Biofiltration's chief executive, Alpha Keyser of Longboat Key, Florida, says the company sold Baldridge the shares at 25 cents each so that Baldridge could resell them to the public at a markup and ``get the stock going.'' But, says Keyser, Baldridge ``never did a damned thing, and just wasted eight months of my life so we bought them back.''

Keyser and his wife Victoria have been big sellers of their own stock, dumping 6.6 million shares since June, for $1.2 million.

Orville's company, WorldVision Financial Group, appears on other recent press releases for penny stock companies. There's Academy Resources Inc., which claims to be in the Internet business. The stock soared from 50 cents to $1.80 earlier this year, then collapsed and is now selling for 30 cents. The latest press release from WorldVision on this company is dated June 8, 2000.

Since the start of the year WorldVision has also issued press releases for a company called Mustang Ventures Inc. (which changed its name August 2 to Self Help Zone Inc.), for an outfit called Freedom Golf Corp., and another calling itself HawaiiLove.com.

Penny World

Orville also turns up as the founder and head of a company calling itself B.N.K. Corporation. Documents on file with the Florida Secretary of State list one of the principals in the company as Charles R. Kiefner. Records on file with the NASD show Kiefner to have once been a broker with the notorious, now- defunct penny stock firm of Blinder, Robinson & Company and, as such, the subject of disciplinary proceedings by both the NASD and Florida state regulators.

Kiefner says he is Baldridge's ex-brother-in-law. He says he hasn't been involved with B.N.K. since 1997, but a Florida Secretary of State document deleting Kiefner's name from the company's list of officers and directors wasn't filed until August 4, 2000.

Other Florida State documents show Kiefner and Baldridge to have been apparently linked through a company called Sterling Consulting. Sterling appears in a document filed last November by a company bearing the name of Definition Ltd., as the seller of 500,000 Definition Ltd. shares to John Anderson, the husband of Definition's president, Donna Anderson.
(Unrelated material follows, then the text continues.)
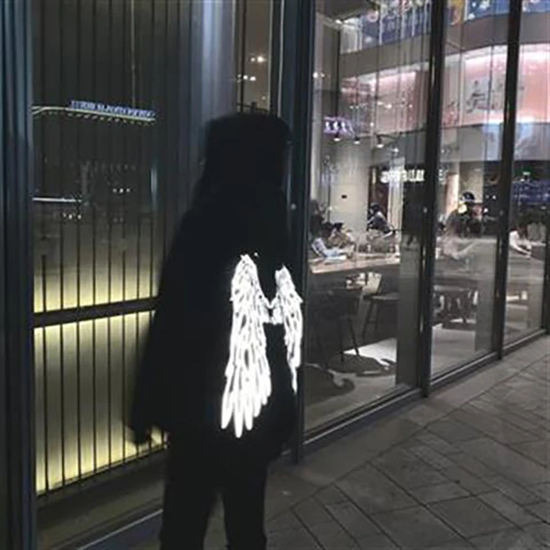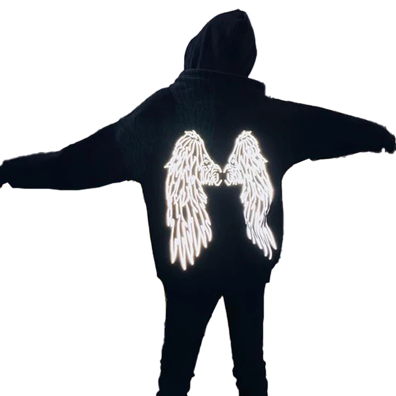 Толстовка с капюшоном для мужчин и женщин, винтажный Повседневный пуловер, Черная Толстовка со светоотражающими крыльями ангела, топы с начесом спереди, зима

A recent Florida State filing shows that Anderson has now emerged as a director of Sterling Consulting, replacing Baldridge.

All three -- Kiefner, Sterling Consulting, and B.N.K. Corp., along with a fourth individual listed as a B.N.K. director, Laura M. Kough -- appear as selling shareholders of a total of more than 1 million shares of Definition Ltd. last October. Subsequent to the filing of a Securities and Exchange Commission registration for the sale of the shares, Definition's stock soared from 50 cents to almost $2.00, then collapsed. Definition changed its name May 5 to e Personnel Management.com. It currently trades at 30 cents.

This is the world of penny stock promotion that the SEC seems unable to stamp out no matter how hard it tries -- a world in which, it now appears, even a registered felon with a rap sheet that includes packing a piece, sexual battery, and lewd and lascivious acts before a minor feels safe to crank out press releases praising doubtful stocks to the skies.